Nuclear Quadrupole Coupling Constant
Definition and meaning of Nuclear Quadrupole Coupling Constant in chemistry.
The nuclear quadrupole coupling constant is a parameter that quantifies the interaction between the electric quadrupole moment of an atomic nucleus and the electric field gradient surrounding it. It is expressed in frequency units (typically kilohertz to megahertz, depending on the nucleus) and determines important spectroscopic properties of nuclei with non-spherical charge distributions.
In more detail
This constant is relevant only for nuclei with nuclear spin quantum number I greater than 1/2, which possess a non-spherical nuclear charge distribution. The coupling constant depends on both the nuclear quadrupole moment Q and the electric field gradient (EFG) created by electrons and neighboring atoms. It is crucial in nuclear quadrupole resonance (NQR) spectroscopy and significantly affects NMR line widths and splittings, providing detailed information about the electronic environment and chemical bonding around the nucleus.
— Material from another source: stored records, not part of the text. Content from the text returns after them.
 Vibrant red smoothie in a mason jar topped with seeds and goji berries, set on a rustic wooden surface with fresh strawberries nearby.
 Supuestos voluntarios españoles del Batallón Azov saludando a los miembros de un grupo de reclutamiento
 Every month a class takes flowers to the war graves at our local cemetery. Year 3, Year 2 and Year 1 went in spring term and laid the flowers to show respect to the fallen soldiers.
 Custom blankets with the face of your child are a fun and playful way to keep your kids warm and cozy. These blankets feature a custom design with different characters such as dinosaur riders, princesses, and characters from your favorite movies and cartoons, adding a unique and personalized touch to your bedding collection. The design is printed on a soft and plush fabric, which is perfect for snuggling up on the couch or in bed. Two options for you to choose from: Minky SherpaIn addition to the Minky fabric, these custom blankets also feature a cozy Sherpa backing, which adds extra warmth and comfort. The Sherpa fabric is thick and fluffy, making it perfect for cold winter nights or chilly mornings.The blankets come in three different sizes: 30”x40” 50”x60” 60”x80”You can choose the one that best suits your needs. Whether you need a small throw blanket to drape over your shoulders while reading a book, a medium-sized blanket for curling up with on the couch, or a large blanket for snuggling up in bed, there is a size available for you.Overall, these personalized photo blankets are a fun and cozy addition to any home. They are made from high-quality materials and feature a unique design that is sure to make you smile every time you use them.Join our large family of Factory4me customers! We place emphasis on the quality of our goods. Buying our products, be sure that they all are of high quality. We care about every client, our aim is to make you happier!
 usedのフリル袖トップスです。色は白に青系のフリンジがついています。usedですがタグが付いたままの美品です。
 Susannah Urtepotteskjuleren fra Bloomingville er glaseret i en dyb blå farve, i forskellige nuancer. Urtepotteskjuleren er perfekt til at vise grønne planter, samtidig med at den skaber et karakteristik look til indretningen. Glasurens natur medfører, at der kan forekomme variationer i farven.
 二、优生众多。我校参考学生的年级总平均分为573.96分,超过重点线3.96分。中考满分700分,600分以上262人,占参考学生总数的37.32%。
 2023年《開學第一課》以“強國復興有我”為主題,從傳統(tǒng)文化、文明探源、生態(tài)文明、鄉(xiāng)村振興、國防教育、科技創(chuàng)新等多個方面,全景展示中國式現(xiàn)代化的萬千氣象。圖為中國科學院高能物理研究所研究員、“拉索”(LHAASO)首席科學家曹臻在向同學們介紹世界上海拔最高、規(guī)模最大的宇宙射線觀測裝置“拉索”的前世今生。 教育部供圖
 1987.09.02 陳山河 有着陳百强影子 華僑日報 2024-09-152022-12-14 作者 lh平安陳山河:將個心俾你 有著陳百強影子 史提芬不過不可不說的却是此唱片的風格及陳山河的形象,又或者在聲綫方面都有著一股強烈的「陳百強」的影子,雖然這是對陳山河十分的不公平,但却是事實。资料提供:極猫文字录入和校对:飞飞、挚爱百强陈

The magnitude of the coupling reveals the asymmetry of the charge distribution surrounding the nucleus. Because the size of the quadrupole moment varies enormously between nuclei, coupling constants span a wide range: deuterium (2H) has an unusually small quadrupole moment and correspondingly small coupling constants (tens to hundreds of kilohertz), whereas nuclei such as 35Cl or 14N typically show coupling constants of several to over a hundred megahertz.
Key facts
| Field | Physical Chemistry |
|---|---|
| Applies to | Nuclei with nuclear spin I > 1/2 |
| Common units | Kilohertz to megahertz (kHz-MHz) |
| Mathematical expression | χ = e2qQ/h (chi equals e squared q Q over h) |
Deuterium (2H, I = 1) has a comparatively small nuclear quadrupole coupling constant; in solid D2O (ice), the deuteron quadrupole coupling constant is approximately 213 kHz, corresponding to an 2H NQR transition frequency of roughly 160 kHz, reflecting the quadrupole interaction in that molecular environment.
Frequently asked questions
Why is the nuclear quadrupole coupling constant important in spectroscopy?
It determines spectroscopic properties such as line widths and signal splitting in both NQR and NMR spectroscopy, making it essential for identifying and characterizing nuclear magnetic environments.
Does every nucleus have a quadrupole coupling constant?
No; only nuclei with spin I > 1/2 (non-spherical charge distribution) exhibit quadrupole coupling. Spin-1/2 nuclei like 1H and 13C, and spin-0 nuclei, do not have quadrupole moments and thus no quadrupole coupling.